**Description of the task:**
All the entries need to be duplicated exactly, with the pictures omitted.

(Dataset items)
_ _ _

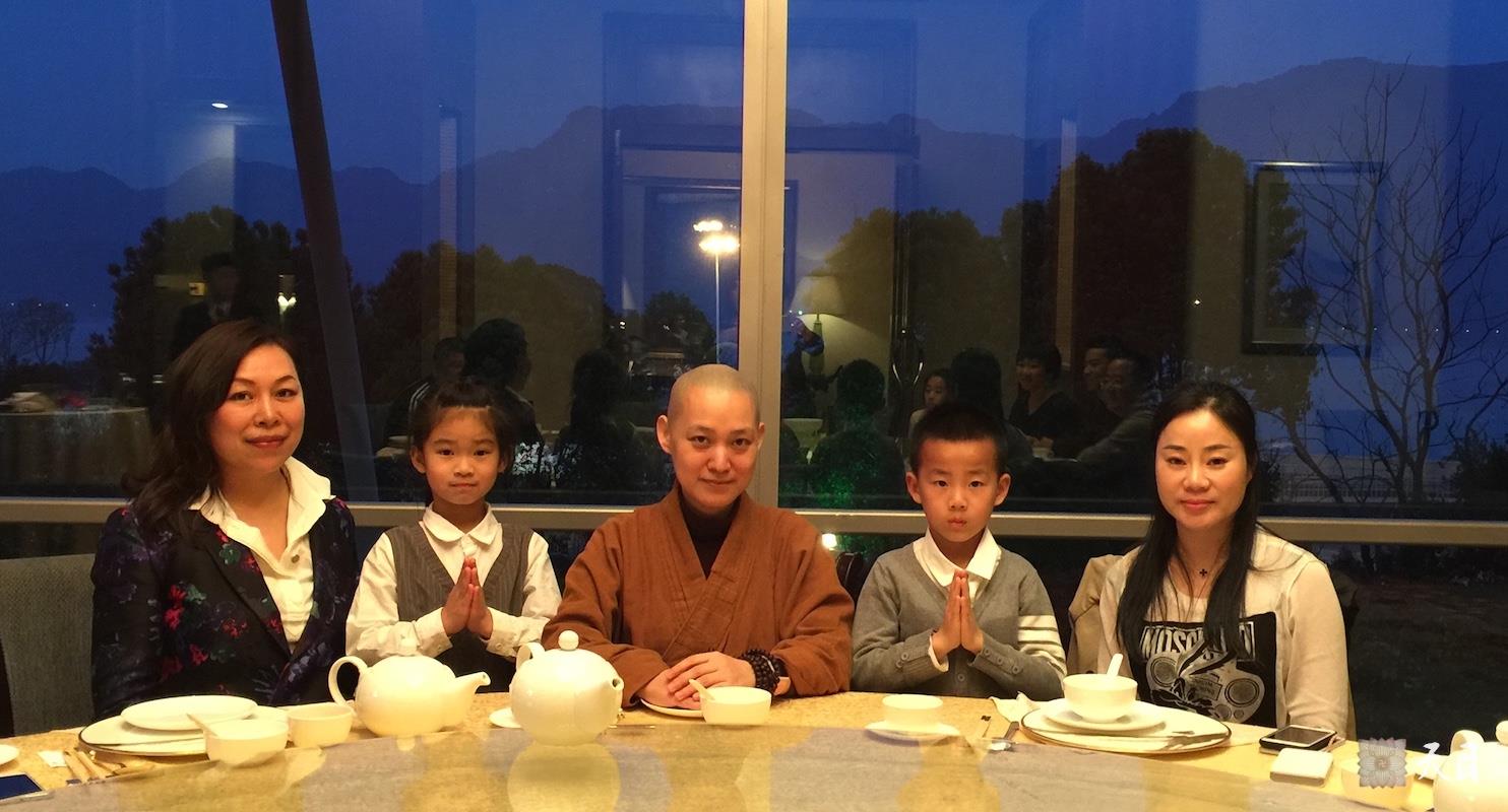 图为果实法师饭席间与果然居士、常意居士、常江居士、常帅居士在温州香格里拉香宫的合影。
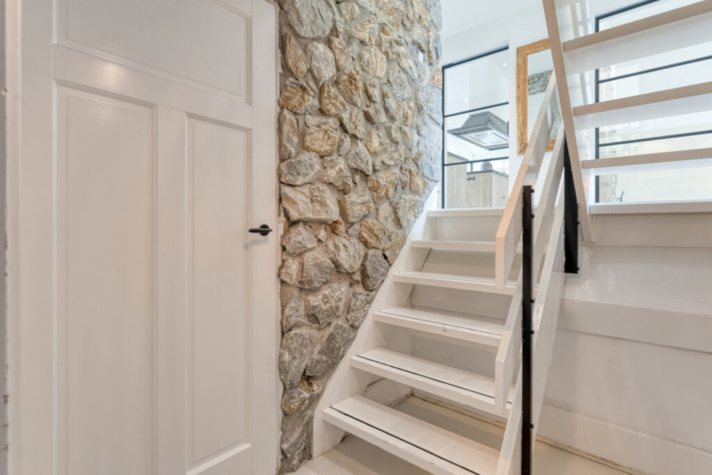 De toegepaste natuursteenstrips zijn verlijmd op de ondergrond en zorgvuldig verwerkt om het natuurlijke karakter van de steen te behouden. Bij dit type toepassing ligt de focus op een onregelmatig, organisch gevelbeeld waarbij geen strakke lijnvoering wordt nagestreefd, maar juist een natuurlijk verloop. Afhankelijk van het gewenste eindbeeld kunnen strips strak tegen elkaar worden verlijmd of met voeg worden toegepast. In dit project is gekozen voor een verwerking die de ruwe en ambachtelijke uitstraling van het materiaal versterkt.
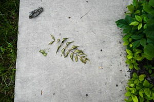This photograph captures a delicate arrangement of dried leaves, artfully placed on a concrete surface. The juxtaposition of the organic shapes against the stark, gray background evokes a sense of quiet beauty and impermanence, while the vibrant greenery on one side adds a touch of life and contrast. Soft, natural lighting enhances the textures, creating a serene and contemplative mood.
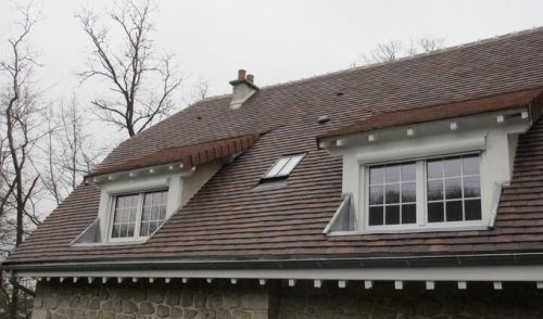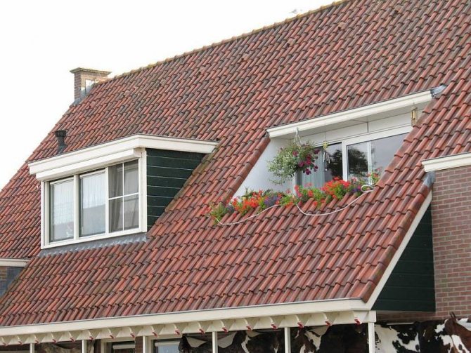 Le toit principal se prolonge dans le plancher de la lucarne et ressemble à un tout.
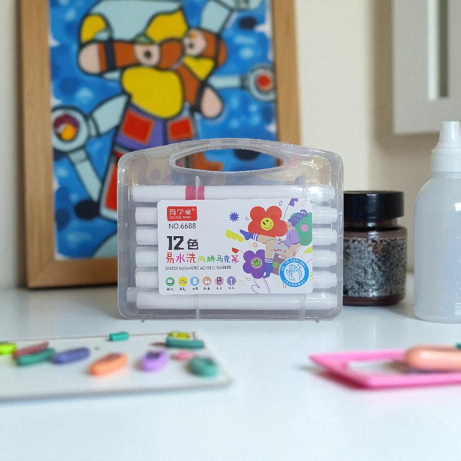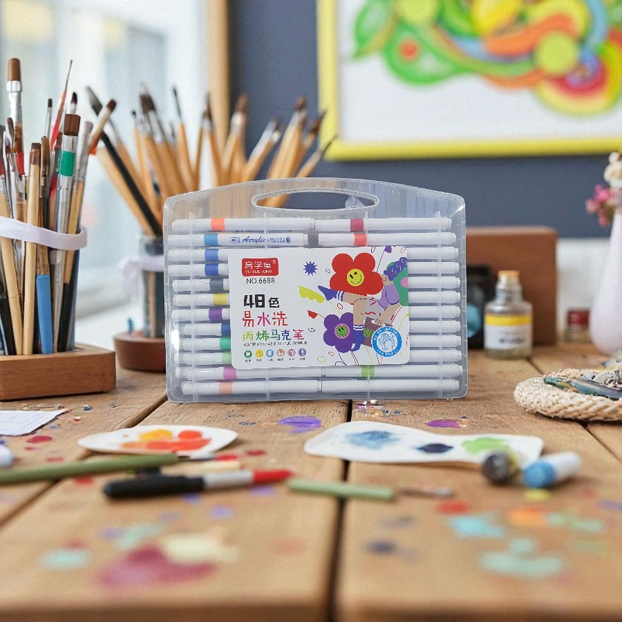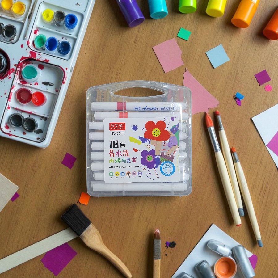 This color acrylic marker set offers a vibrant palette ideal for detailed drawing and sketching. Housed in a clear plastic case with a convenient handle, it ensures easy organization and portability. Each marker delivers smooth, consistent color, making it perfect for artists seeking precise, high-quality results in acrylic media.

_ _ _

**Task answer:**
 图为果实法师饭席间与果然居士、常意居士、常江居士、常帅居士在温州香格里拉香宫的合影。
 De toegepaste natuursteenstrips zijn verlijmd op de ondergrond en zorgvuldig verwerkt om het natuurlijke karakter van de steen te behouden. Bij dit type toepassing ligt de focus op een onregelmatig, organisch gevelbeeld waarbij geen strakke lijnvoering wordt nagestreefd, maar juist een natuurlijk verloop. Afhankelijk van het gewenste eindbeeld kunnen strips strak tegen elkaar worden verlijmd of met voeg worden toegepast. In dit project is gekozen voor een verwerking die de ruwe en ambachtelijke uitstraling van het materiaal versterkt.
This photograph captures a delicate arrangement of dried leaves, artfully placed on a concrete surface. The juxtaposition of the organic shapes against the stark, gray background evokes a sense of quiet beauty and impermanence, while the vibrant greenery on one side adds a touch of life and contrast. Soft, natural lighting enhances the textures, creating a serene and contemplative mood.
 Le toit principal se prolonge dans le plancher de la lucarne et ressemble à un tout.
 This color acrylic marker set offers a vibrant palette ideal for detailed drawing and sketching. Housed in a clear plastic case with a convenient handle, it ensures easy organization and portability. Each marker delivers smooth, consistent color, making it perfect for artists seeking precise, high-quality results in acrylic media.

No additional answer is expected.